(Beginning of Provided records)

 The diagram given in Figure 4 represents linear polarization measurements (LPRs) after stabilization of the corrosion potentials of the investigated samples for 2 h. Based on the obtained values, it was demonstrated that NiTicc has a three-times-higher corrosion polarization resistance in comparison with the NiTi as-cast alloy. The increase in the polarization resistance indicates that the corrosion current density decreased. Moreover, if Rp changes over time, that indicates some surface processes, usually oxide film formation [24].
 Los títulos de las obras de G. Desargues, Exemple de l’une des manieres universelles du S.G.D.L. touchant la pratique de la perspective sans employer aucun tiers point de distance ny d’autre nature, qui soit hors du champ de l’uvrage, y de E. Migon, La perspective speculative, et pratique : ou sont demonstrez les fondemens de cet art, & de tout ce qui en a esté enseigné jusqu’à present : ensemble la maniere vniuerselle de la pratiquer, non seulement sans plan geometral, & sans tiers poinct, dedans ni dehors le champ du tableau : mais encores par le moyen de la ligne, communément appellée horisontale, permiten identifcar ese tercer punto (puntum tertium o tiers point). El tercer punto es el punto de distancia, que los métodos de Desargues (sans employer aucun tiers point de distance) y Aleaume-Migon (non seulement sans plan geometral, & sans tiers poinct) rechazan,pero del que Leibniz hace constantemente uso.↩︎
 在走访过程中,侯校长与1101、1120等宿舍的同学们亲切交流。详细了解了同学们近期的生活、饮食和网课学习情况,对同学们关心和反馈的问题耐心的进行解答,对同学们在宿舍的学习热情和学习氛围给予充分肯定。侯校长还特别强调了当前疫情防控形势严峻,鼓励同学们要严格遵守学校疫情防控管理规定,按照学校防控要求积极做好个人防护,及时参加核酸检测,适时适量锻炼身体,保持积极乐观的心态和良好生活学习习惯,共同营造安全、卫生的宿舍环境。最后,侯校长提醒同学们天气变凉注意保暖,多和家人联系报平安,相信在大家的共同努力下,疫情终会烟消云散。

(End of Provided records)
(Beginning of Provided records)

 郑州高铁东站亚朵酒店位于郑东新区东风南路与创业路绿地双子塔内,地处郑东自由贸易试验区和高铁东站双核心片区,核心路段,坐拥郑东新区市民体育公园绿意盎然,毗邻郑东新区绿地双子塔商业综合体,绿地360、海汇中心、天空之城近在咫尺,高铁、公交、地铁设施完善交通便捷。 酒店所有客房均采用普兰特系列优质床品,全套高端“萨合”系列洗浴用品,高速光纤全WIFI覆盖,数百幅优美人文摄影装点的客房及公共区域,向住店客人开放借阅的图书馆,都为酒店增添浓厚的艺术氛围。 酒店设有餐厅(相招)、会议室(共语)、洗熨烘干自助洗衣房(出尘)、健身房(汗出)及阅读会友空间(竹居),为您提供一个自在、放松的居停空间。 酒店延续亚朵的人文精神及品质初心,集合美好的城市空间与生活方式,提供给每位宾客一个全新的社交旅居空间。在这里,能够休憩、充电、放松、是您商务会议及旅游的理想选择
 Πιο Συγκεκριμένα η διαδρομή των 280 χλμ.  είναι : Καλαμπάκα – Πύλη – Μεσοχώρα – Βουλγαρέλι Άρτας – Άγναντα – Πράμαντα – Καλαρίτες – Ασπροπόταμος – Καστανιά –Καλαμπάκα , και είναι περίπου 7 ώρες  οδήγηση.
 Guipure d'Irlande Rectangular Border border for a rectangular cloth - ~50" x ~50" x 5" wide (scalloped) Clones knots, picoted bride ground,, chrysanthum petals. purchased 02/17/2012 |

(End of Provided records)
(Beginning of Provided records)

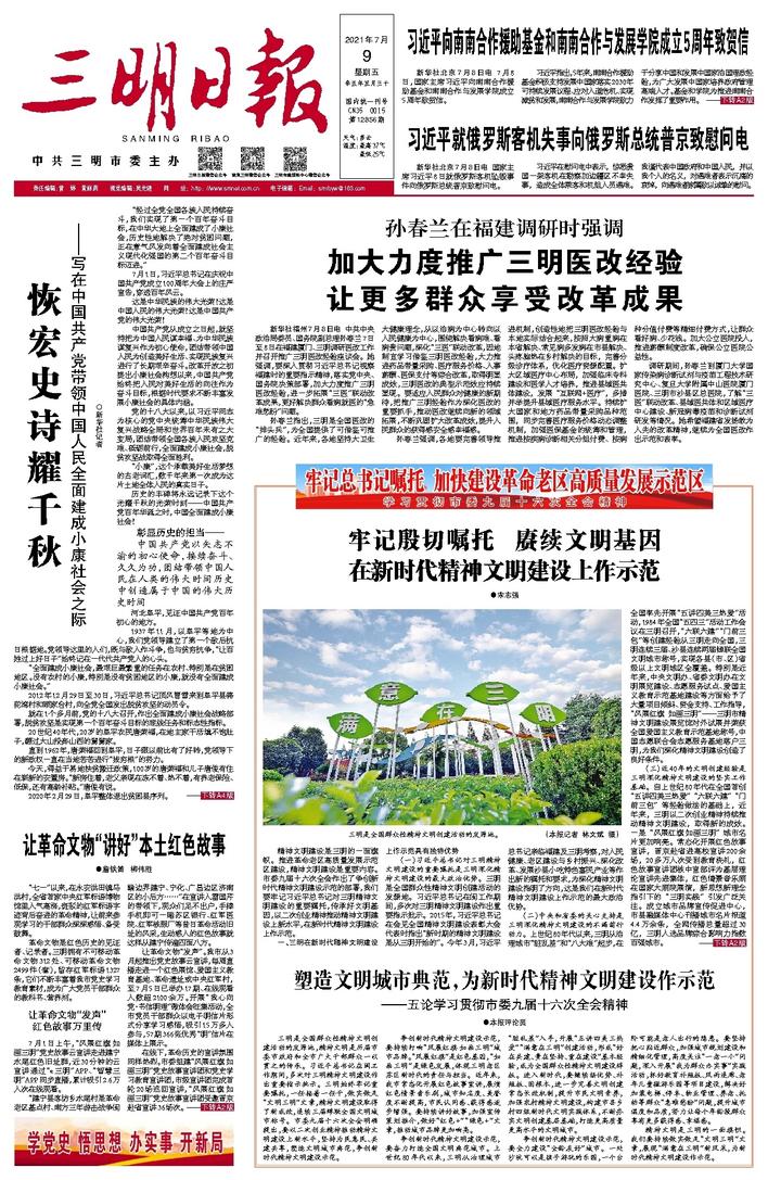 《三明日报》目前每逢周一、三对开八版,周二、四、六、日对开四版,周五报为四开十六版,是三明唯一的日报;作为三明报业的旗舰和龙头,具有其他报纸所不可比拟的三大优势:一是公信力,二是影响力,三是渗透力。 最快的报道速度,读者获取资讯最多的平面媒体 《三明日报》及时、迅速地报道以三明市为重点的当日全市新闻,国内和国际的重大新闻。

(End of Provided records)

- **Exercise**
Retype the portion of the data above that starts on the line with "The diagram given" and finishes on the line with "在走访过程中,侯校长与110", including both of those lines.

- **Solution to this exercise**
 The diagram given in Figure 4 represents linear polarization measurements (LPRs) after stabilization of the corrosion potentials of the investigated samples for 2 h. Based on the obtained values, it was demonstrated that NiTicc has a three-times-higher corrosion polarization resistance in comparison with the NiTi as-cast alloy. The increase in the polarization resistance indicates that the corrosion current density decreased. Moreover, if Rp changes over time, that indicates some surface processes, usually oxide film formation [24].
 Los títulos de las obras de G. Desargues, Exemple de l’une des manieres universelles du S.G.D.L. touchant la pratique de la perspective sans employer aucun tiers point de distance ny d’autre nature, qui soit hors du champ de l’uvrage, y de E. Migon, La perspective speculative, et pratique : ou sont demonstrez les fondemens de cet art, & de tout ce qui en a esté enseigné jusqu’à present : ensemble la maniere vniuerselle de la pratiquer, non seulement sans plan geometral, & sans tiers poinct, dedans ni dehors le champ du tableau : mais encores par le moyen de la ligne, communément appellée horisontale, permiten identifcar ese tercer punto (puntum tertium o tiers point). El tercer punto es el punto de distancia, que los métodos de Desargues (sans employer aucun tiers point de distance) y Aleaume-Migon (non seulement sans plan geometral, & sans tiers poinct) rechazan,pero del que Leibniz hace constantemente uso.↩︎
 在走访过程中,侯校长与1101、1120等宿舍的同学们亲切交流。详细了解了同学们近期的生活、饮食和网课学习情况,对同学们关心和反馈的问题耐心的进行解答,对同学们在宿舍的学习热情和学习氛围给予充分肯定。侯校长还特别强调了当前疫情防控形势严峻,鼓励同学们要严格遵守学校疫情防控管理规定,按照学校防控要求积极做好个人防护,及时参加核酸检测,适时适量锻炼身体,保持积极乐观的心态和良好生活学习习惯,共同营造安全、卫生的宿舍环境。最后,侯校长提醒同学们天气变凉注意保暖,多和家人联系报平安,相信在大家的共同努力下,疫情终会烟消云散。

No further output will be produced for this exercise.